ASK ME ABOUT CROSSING THE STREAMS


https://www.youtube.com/watch?v=WwiVPkwY2ZE

SPOILER FILLED TRAILER!!


Get ready to marathon in one week, because Kimmy is back MAY 19th.



That is just one week, people!

I really liked the TV Guide article about season three, so it gets to be the low effort OP with the spoilers removed...

Unbreakable Kimmy Schmidt is a paradox. Between its wall-to-wall jokes, zingers, sight gags, callbacks, non-sequiturs, deep-cut pop culture references and musical interludes, there is no show as wonderfully weird and jubilant on TV. But there's also no show that is as deceptively dark, which Kimmy continues to great effect in Season 3 - which premieres May 19 on Netflix.
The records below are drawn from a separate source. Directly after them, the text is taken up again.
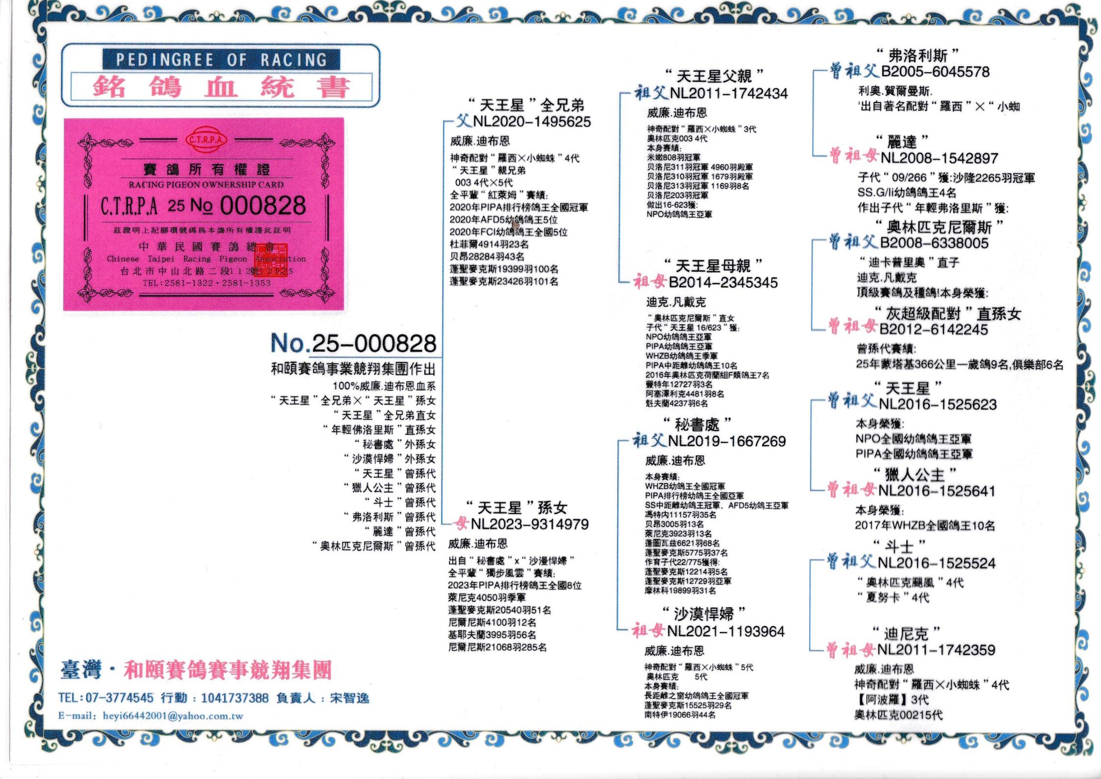 所有拍卖鸽全部血统真实!!个人鉴鸽观点不一,飞不飞天上见.血统成绩第一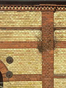 Trotz der Baustellenaufregung: "Unsere" Bienen sind wieder da! Sie wohnen im Hohlraum zwischen dem doppelwandigen Mauerwerk des Sudhauses. An ihren Honig wird niemals ein Imker herankommen! |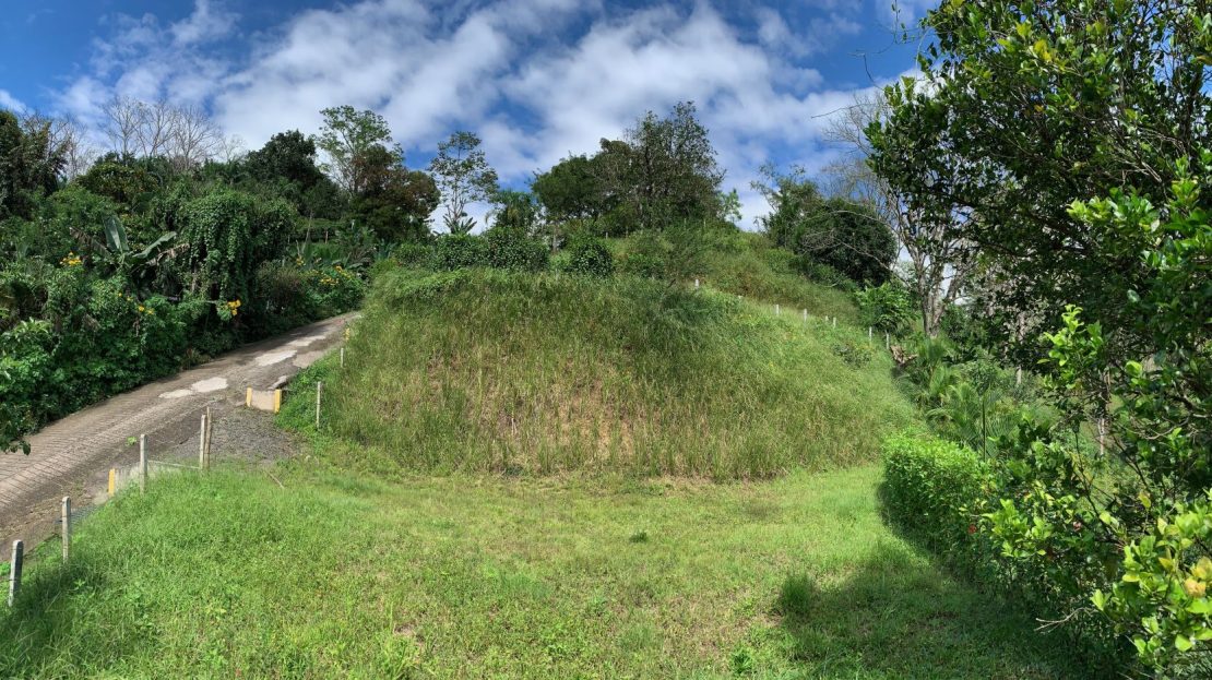 Propiedad de 13.582 m2 (3.5 acres) con 150 metros (492 pies) frente a calle publica y 280 metros (920 pies) frente al rio Cacao.

The show's silliness and Kimmy's (Ellie Kemper) irrepressible cheerfulness have always belied the fact that the series is built on the title character's trauma: Kimmy was kidnapped and held captive as part of a cult for 15 years. Instead of shoving that darkness and melancholy in our faces, co-creators Tina Fey and Robert Carlock have been particularly deft in letting that emotional undercurrent bubble beneath the sunny exterior. You almost don't have time to process the gloom behind the barrage of jokes and gags until you slow down and follow Kimmy's mantra: just take it 10 seconds at a time.



Season 1, which primarily focused on Kimmy's unbreakable resilience, scratched the surface and eased you into her painful past. Season 2 forced her to confront what she'd been avoiding -- her PTSD and mommy issues -- through a series of episodes that were both entertaining and felt authentic (see: her "Happy Place" song). Season 3 builds on the Season 2 finale cliffhanger: Kimmy's former captor, Reverend Richard Wayne Gary Wayne (Jon Hamm) called Kimmy from prison to tell her that they're married, and he wants a divorce so he can remarry.



It's the type of bombshell that can come off like a shock play, but it's ultimately a stealthy gut-punch reminder that as much as she would like to, Kimmy can never fully escape or ignore those 15 years. The genius of Kimmy Schmidt is that, despite its buoyant veneer, it's not interested in the warm and fuzzy fictional catharsis we've grown accustomed to watching onscreen. Kimmy's trauma, in some form, is always going to be there for her to deal with -- it'd also be a disservice to trauma survivors to suggest otherwise -- and it's a struggle that the show colors with surreal farce.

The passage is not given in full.